We’re all very aware of the pandemic’s impact on how we work, but could it transform how we get paid too? Ken Charman, chief executive at Unilever spin-out uFlexReward, believes so.
Here, he explains why he thinks companies will be “pressing the button on radical changes” this year.
Towards a metered working model
“If we change something as huge as not having to come into the office, are there other aspects of the employer-employee contract we can change that we all thought were fundamental?” Charman asks.
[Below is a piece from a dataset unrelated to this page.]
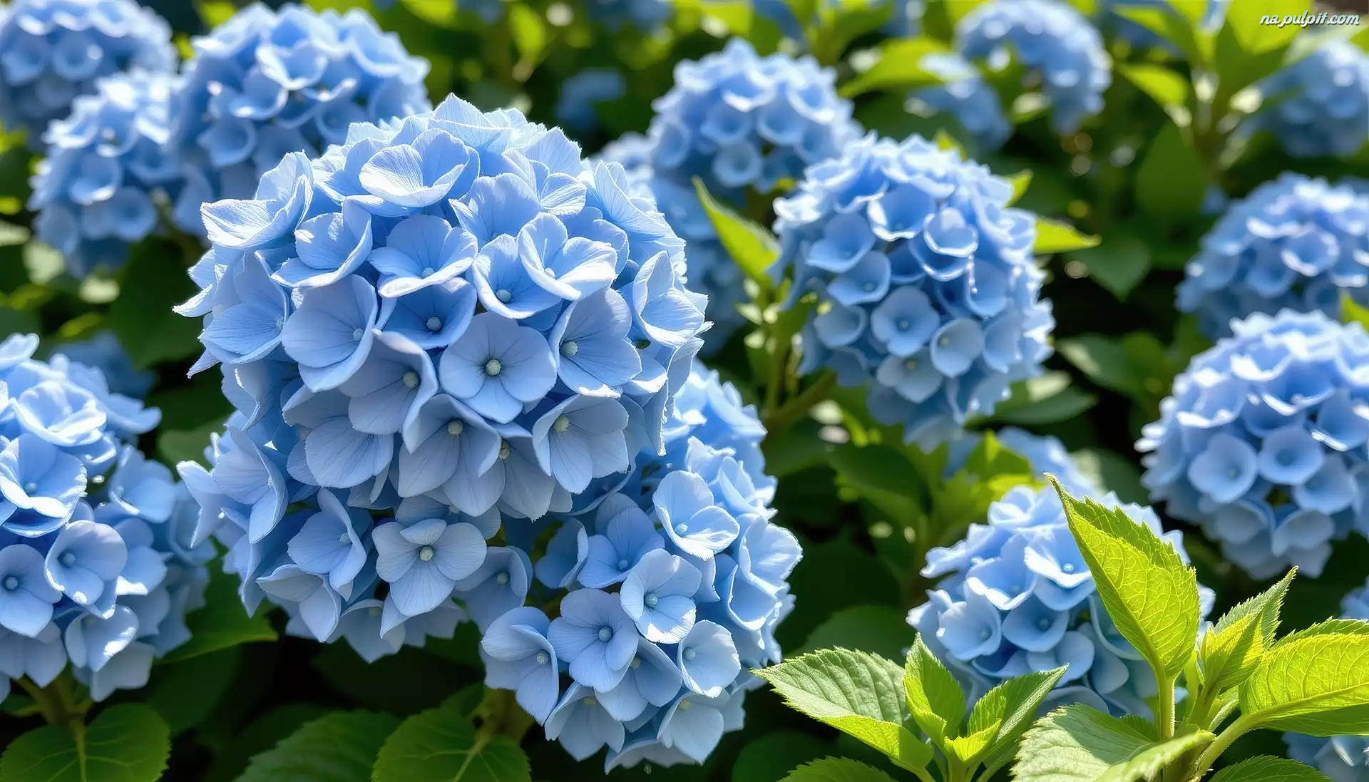 Hortensja, Niebieskie, Kwiaty, Grafika AI Na Pulpit

Moving away from the traditional five-day week could be on the cards, he says, as could adopting a system that doesn’t classify work by a profession or a “rigid job description”, but rather by the skills that can be contracted for a particular project. Charman calls this a “metered working model”.
“Metered work is where organisations pay for much shorter time units than the old-fashioned annual salary or a day rate,” he says. “Where everybody, including people already employed by an organisation, has a value that relates to their skills and level of experience of those skills.
‘The idea is to retain talent with critical skills, rather than simply trying to get away with paying as little for labour as possible’
– KEN CHARMAN
“With businesses trying to move away from grade hierarchies and rigid job descriptions, skills will become an essential new commodity in the market for talent.
“A constantly updating catalogue of skills will be matched to a ‘schedule of rates’, essentially a price register for skills that is updated in real time to reflect the spot market for talent and experience, allowing organisations to build small teams of people whose skills between them can complete a project.”
However, Charman emphasises that careful thought and planning is a must: “Given that this shift to the future of work is primarily the result of an 11-month remote working model, implementation could be rushed without going through the appropriate due diligence.
“Just because many were forced to adapt, doesn’t automatically mean these are the right changes to implement. Despite how progressive they may appear, these trends towards performance-related pay systems pose a potential threat to the pursuit of pay equality, as well as raise some serious tax issues.
“For example, if organisations can simply select labour based on the lowest cost to the organisation, how can they ensure an equal representation of women and minorities are applied to each project?”
Can we really ‘work from anywhere’?
While working from home has become the norm for most employees in the past year, some have started to eye up ‘working from anywhere’.
And though businesses are adapting to their staff members’ changing needs, Charman advises against rushing to a new home beyond the big city in the hopes of saving on rent.
It’s important to remember that salary rates are location-dependent, he says, which means they are paid according to local market norms. So, if you decided to move from London city to a more rural area, for example, you might not continue to get paid that London salary even though you’ve stayed in the same job.
“We’ve already seen large organisations like Facebook announce that, although employees can work from home for the next five to 10 years, their salaries are likely to be adjusted in line with the cost of living in an individual’s chosen location,” he says.
“If you can move to a lower price location to do your work, your work can also move to a lower price location, without you. This path will be smoothed by the evolution of ‘schedule of rates skills registers’, where high-level job definitions will be swapped for much more closely defined skills.”
It’s great that more companies are offering the flexibility to work from different places, but employers and employees alike need to pay attention to the negotiation that comes with that, Charman explains.
How we might reward employees of the future
So how can we get the metered working model right? According to Charman, we need to remember what exactly we’re trying to achieve with it: “The intention behind skills-based compensation is to create a more dynamic reward structure.
“The ideas are intended to retain talent with critical skills, rather than simply trying to get away with paying as little for labour as possible.”
Paying ‘skills allowances’ can help. Charman says these would be more closely aligned to variable market rates, encouraging employees to invest in “hot skills” and avoid the trap of allowing their skills to degrade in market value.
“But current HR tech is based on the assumption there are defined jobs, grades and reward levels,” he says. “Moving to a far more complex, flexible, skills-based and highly variable reward framework poses a choice; either go back to the chaos of spreadsheets or invest in a digital total reward system to audit and analyse this new method of remuneration.”